PF: Okay, so you’ve been around for 18 years but you’ve only recently decided to make a move into the US market. Why did it take so long… and why now?
ME: In the early 2000s we were much more in the consulting arena than outsourcing. I therefore see the business as a 7 or 8 year old start-up rather than an 18 year old start-up. In terms of ‘why now’, we were very keen to attain critical mass in the UK before expanding into the US.
Matthew Eatough is Chief Executive Officer of Proxima
In order to make our expansion a success, it was necessary to have US fulfillment capabilities to effectively service our blue-chip client base (we have been delivering procurement services for UK based clients in the US for 5 years). Further to this, we needed 2 or 3 stand-alone US reference clients because although I think the US market will respect what’s being done overseas, a US based CFO / CPO will probably be more work with an established business with US clients. We’ve been fortunate to acquire 3 clients in the last year and we are now making a major push to build our capability depth and breadth in the US.
The US is clearly the largest single market, and the most advanced in terms of its appetite or business services and outsourcing. We are also seeing an interesting development in the US in that the market seems to be splitting into several distinct approaches. One approach is of a very standardized, efficiency focused and arguably slightly industrialized approach to procurement. You have the operational BPO firms that really seem to be all about lowering the cost of service delivery which, we think, leaves a large untapped opportunity in the US market for us. Our approach is different; we focus far more on how a company strategically embraces the management of its third party suppliers to power the business. I strongly believe our approach will enable us to succeed in the US.

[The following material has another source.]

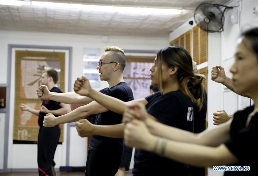 Alex Richter gives lessons to his high-level students at his Kung Fu school "City Wing Tsun" in New York, the United States, July 12, 2017. Hidden in the midtown of bustling New York City is "City Wing Tsun". This is Alex Richter's Kung Fu school which features, as the name suggests, Wing Tsun, a Hong-Kong style martial art. As a native-born American kid, Richter was hugely influenced by the martial art films star Bruce Lee. His love towards Kung Fu, especially Wing Tsun, which Bruce Lee learned as a teenager, has been with him ever since. Richter started to learn Wing Tsun at the age of 15 in Seattle area in the United States. At age 19, Richter shipped himself to Germany for Wing Tsun training for several years. In 2002, he rented a small dance studio and started his career as a martial art instructor in New York. At the beginning, he had only 15 students. Step by step, he now has over 400 students. "Kung Fu is part of my life now, it influences the way you look at everything," he said. "It is not only about fist fighting." Richter has also improved his training curriculum to maximize the benefits for all students. He builds up records for all his students. Richter is also documenting the old stories of martial artists, hoping he can get them published in the future. (Xinhua/Wang Ying)

PF: What are the top two things that you feel differentiate Promixa in today’s market?
ME: A major differentiator is that we fundamentally believe that for procurement to be a transformational experience, there is a level of ‘intimacy’ that needs to be imbued in the client/provider relationship. This intimacy needs to be at both at a delivery level and a senior management level – to really bind and sustain the procurement transformation as opposed to simply running a remote BPO operation. I think that if if this is done well the client gets a whole range of benefits including savings.. However if a business wants to go from immature to world class in the management of procurement to help drive its wider strategy then it also needs to have a more sophisticated approach than simply measuring savings.
Our further differentiator is that our overall USP has nothing to do with labour arbitrage. One of our core strengths is our ability to concentrate the types of processes that are managed better into a shared service delivery centre to drive effectiveness and efficiency whilst at the same time allowing us to invest more of our overall margin into having top-end, on-site client facing resources truly driving change and achieving excellence for our clients giving all of the scale benefits of an outsourcer with all of the intimacy benefits of a top class in-house procurement function…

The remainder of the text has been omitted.